Hartshorne exercise about sheaves on $\mathbb{P}^1$

Fix $f\in K$ and $P\in\mathbb P^1$. You are looking for a $g\in K$ such that

  • $g\in\mathcal O_Q$ for all $Q\neq P$, and

  • $f-g\in\mathcal O_P$.

The first condition means that $g$ has poles only possibly at $P$. The second, that the difference $f-g$ does not have poles at $P$. In other words, $g$ is the singular part of $f$ at $P$. So to construct $f$ we may write the partial fraction decomposition of $f$ and drop all terms with a pole at a point different from $P$.

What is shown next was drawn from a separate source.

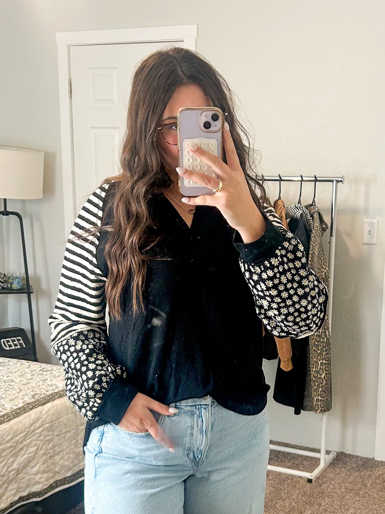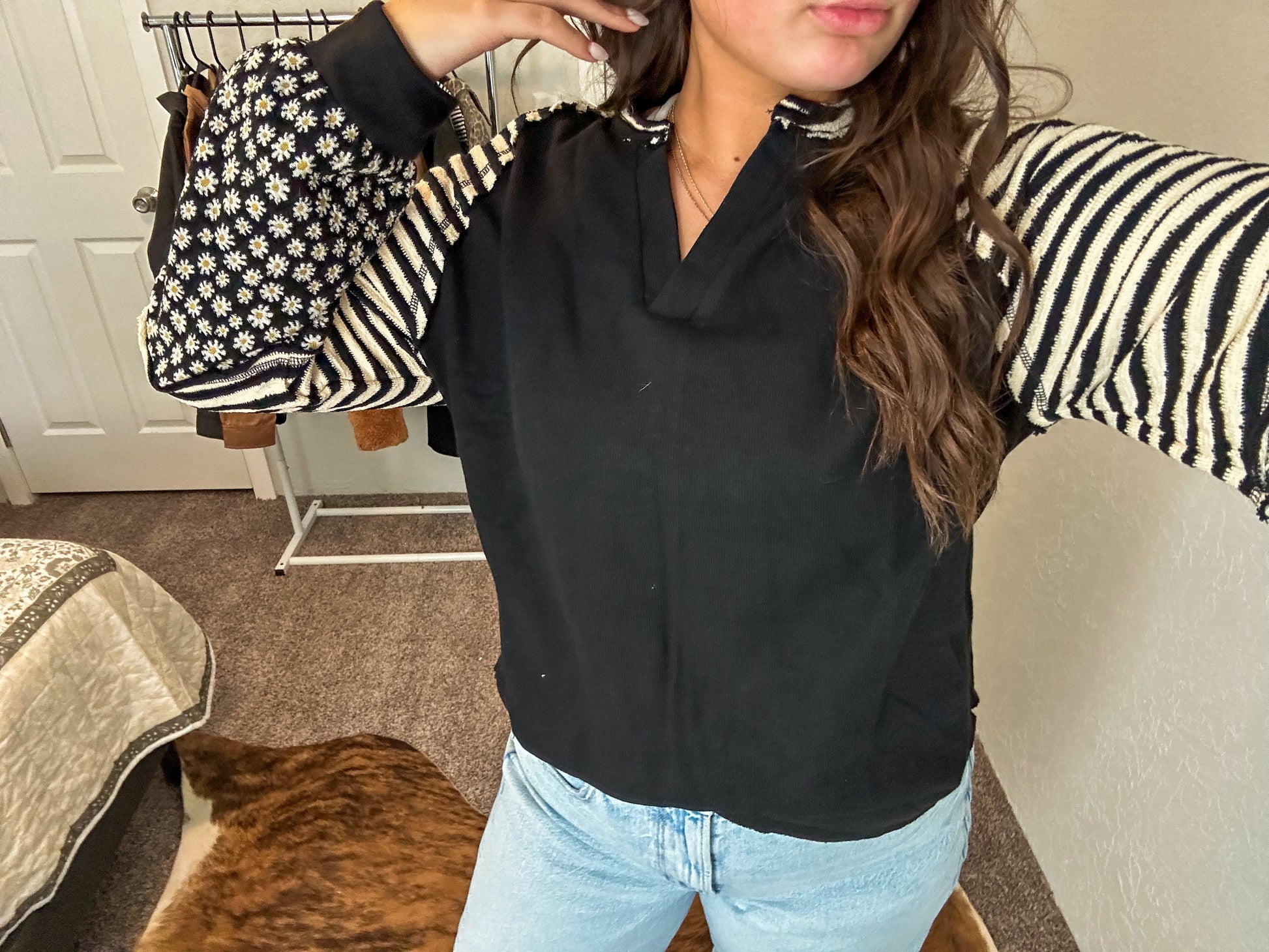 - Oversized Floral & Stripe Casual Knit Top - Split Neck - Long Sleeve - Raw Edge Detail - Round Hem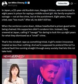 В Японии недавно осудили курда Хасгюля Аббаса, мигранта, на 8 лет тюрьмы за изнасилование девочки из средней школы. Его семья сразу же публично выразила недовольство наказанием, заявив, что срок в 8 лет слишком суров, ведь «он не убил ребёнка». Раздосадованные отношением приезжих и властей, которые открыли им двери, японцы начали активно выражать недовольство, устраивая протесты и обращаясь к чиновникам звонками и письмами. В итоге Япония присоединилась к антимиграционным протестам, и чиновники больше не могли игнорировать общественное мнение. Новый премьер-министр обещает выдворять «понаехавших» обратно.

Here's what my solution was when I took the course:

We know that $\Gamma(X,\mathcal{O})=\mathcal{O}(X) = k$ by Theorem I.3.4; we also have $\Gamma(X,K) = K(X) = k(x)$, also by Theorem I.3.4. Finally, again by Theorem I.3.4, with $k(x)/k[x^{-1}]_{(x^{-1})}$ corresponding to the point at infinity, we have $$\Gamma(X,K/\mathcal{O}) = k(x)/k[x^{-1}]_{(x^{-1})} \oplus \bigoplus_{\alpha\in k}k(x)/k[x]_{(x-\alpha)}.$$ The claim is that $$0\to k\to k(x) \to k(x)/k[x^{-1}]_{(x^{-1})}\oplus\left(\bigoplus_{\alpha\in k} k(x)/k[x]_{(x-\alpha)}\right)\to 0$$ is exact; and this just means showing the last map is surjective.

Note: The basic idea was okay, but it was poorly phrased here. Part of it seems to have been some previous exercises in that homework. I'm rephrasing.

Fix $P$ and let $f+\mathcal{O}_{P}\in K/\mathcal{O}_{P}$ be a nonzero entry. Using a partial fraction decomposition we can write $$f + \mathcal{O}_P = \sum_{i=1}^n f_i + \mathcal{O}_P$$ where each $f_i$ is such that $$\frac{1}{f_i} = \lambda_i\pi^{n_i}$$ with $\lambda_i\in K$, $\pi$ a uniformizer of $\mathcal{O}_P$, and $n_i\gt 0$. E.g., for $\mathcal{O}_0$, you can find scalars $a_0,\ldots,a_k$ such that $f+\mathcal{O}_p = \frac{a_0}{x} + \cdots + \mathcal{a_k}{n^k} + \mathcal{O}_p$. Now let $$ g = \sum_{i=1}^n \frac{1}{\lambda_i}\pi_i^{-n_i}\in K(X).$$ Then $g$ maps to $0$ in $K/\mathcal{O}_Q$ for any $Q\neq P$, and since $$\lambda_i\pi_i^{-n_i} = \frac{1}{f_i}$$ then $$g\equiv \sum_{i=1}^n f_i \equiv f\pmod{\mathcal{O}_p}$$ so $g\in K(x)$ maps to the element that has $f$ in the $P$-component, and zeroes elsewhere. Since these elements generate $$k(x)/k[x^{-1}]_{(x^{-1})}\oplus\left(\bigoplus_{\alpha\in k} k(x)/k[x]_{(x-\alpha)}\right)$$ this shows the last map is surjective.